Однако двадцатилетие с момента события – это еще и время, когда продолжение начатого в прошлом процесса столь же очевидно, как и дистанция, которая нас от него отделяет. Да, с одной стороны, выросла новая молодежь, сложились новые общественные отношения, образ жизни, практика, культура. А с другой – люди, жившие в том другом обществе, все еще активны, многие из них по-прежнему молоды. Александр Дюма не случайно дал своим мушкетерам перерыв в двадцать лет, чтобы потом опять собрать их для новых подвигов.

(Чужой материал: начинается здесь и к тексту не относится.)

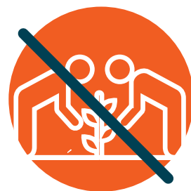
a gardening party
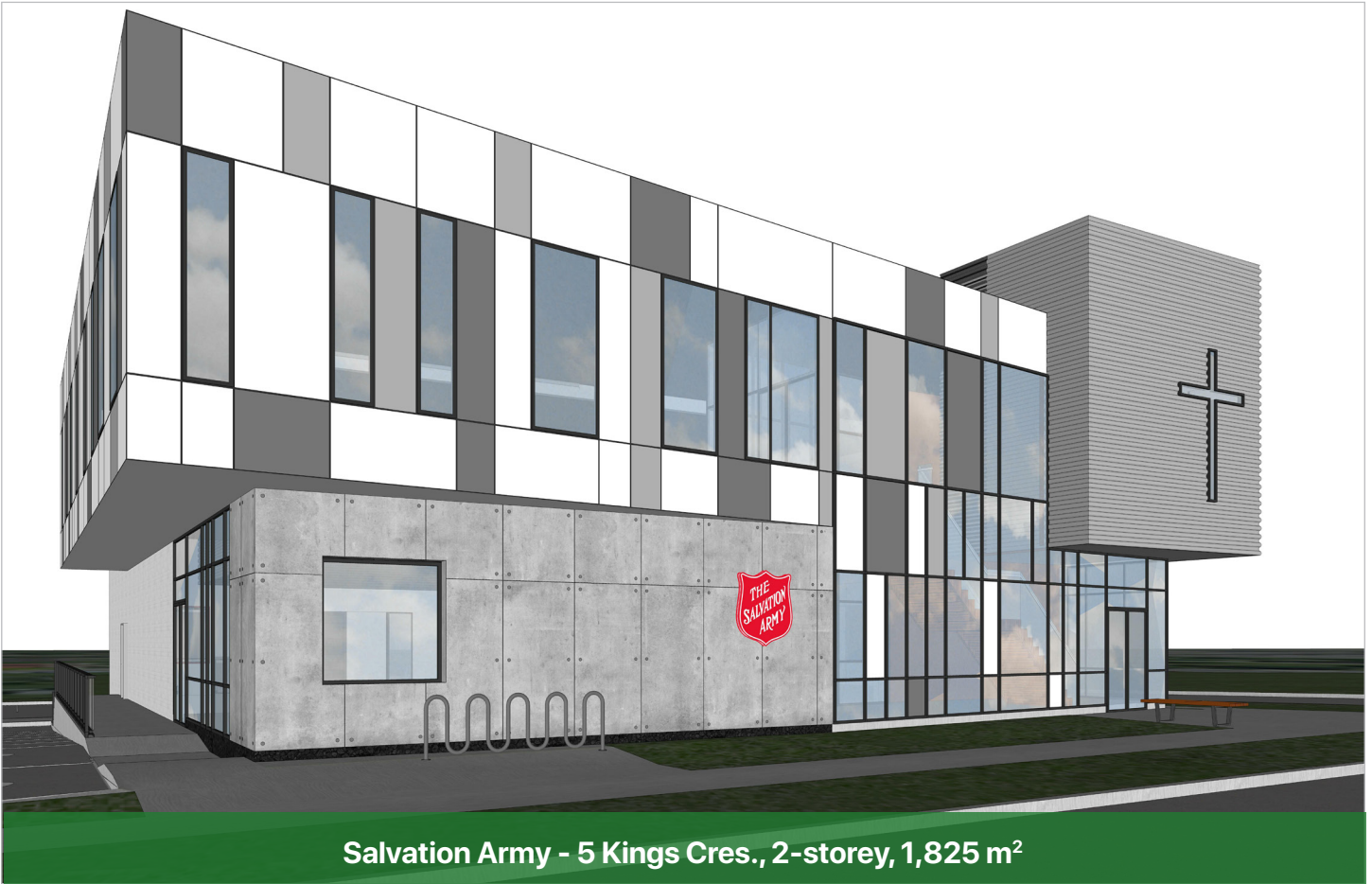
Salvation Army - 5 Kings Cres., 2-storey, 1,825 m 2
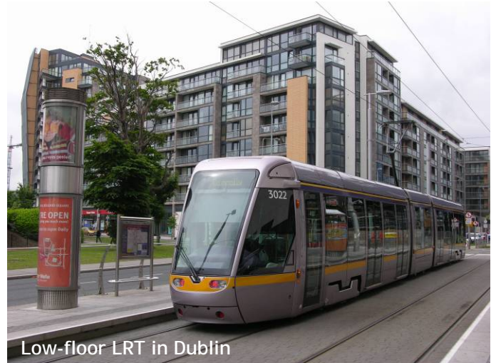
Low-floor LRT in Dublin
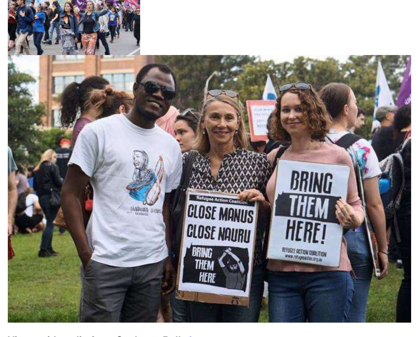
View a video clip from Canberra Rally <u>here</u>.
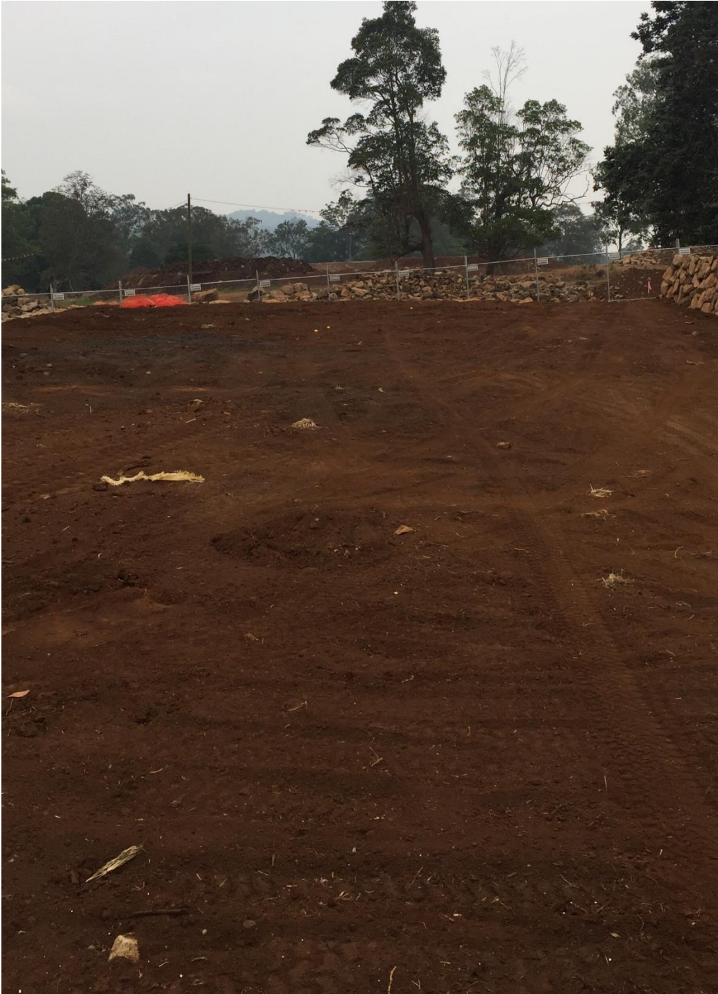
View of the site facing a southerly direction.
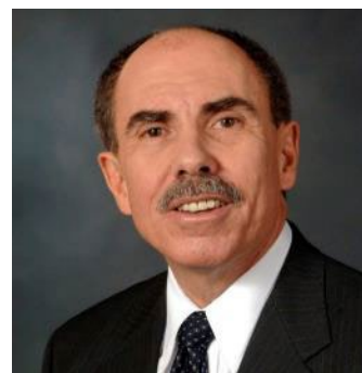
Speaker Bob Wise Former Governor, West Virginia Coordinator, Global Science of Learning Education Network (GSoLEN)

Самое время применить в изменившихся условиях знания, навыки и опыт, накопленные в прошлую эпоху.
Два десятилетия, прошедших с момента крушения СССР, создали такую историческую и культурную дистанцию, которая помогает не только по-новому – более объективно и спокойно – взглянуть на случившееся, на весь советский период и различные его этапы, но и снова приблизиться к ушедшему времени, осознав, что оно оставило после себя много элементов, по-прежнему работающих и развивающихся в новом, радикально изменившемся мире.
В конце концов, любой юбилей, любая годовщина – это повод поразмышлять о событии, достойном того, чтобы о нем думали и говорили даже и без такого повода. А потому в декабре 2011 г. Институт глобализации и социальных движений (ИГСО) вместе с отделением культурологии философского факультета Национального исследовательского университета «Высшая школа экономики» (НИУ ВШЭ) решили провести конференцию «СССР: жизнь после смерти». Интерес к этой инициативе превзошел ожидания организаторов. Заявок на выступление оказалось так много, что, даже ограничив их число, мы вынуждены были заменить первоначально планировавшийся скромный однодневный семинар двухдневной конференцией.
Буквально в то же время Валерий Анашвили выступил куратором художественного проекта «Искусство памяти», представленного на площадке Artplay в январе 2012 г. Живопись Влада Юрашко и Вики Шумской, посвященная все той же годовщине распада СССР – «великому разрыву» 1991 г., требовала обсуждения не только искусствоведческого. Было решено в рамках выставочного проекта продолжить дискуссию, начатую на площадке НИУ ВШЭ. Результатом стали еще два круглых стола: «СССР сегодня» и «Второе крушение: от распада Советского Союза к кризису неолиберализма». Итогом четырехдневных дебатов стала данная книга, издание которой было поддержано московским отделением Фонда Розы Люксембург.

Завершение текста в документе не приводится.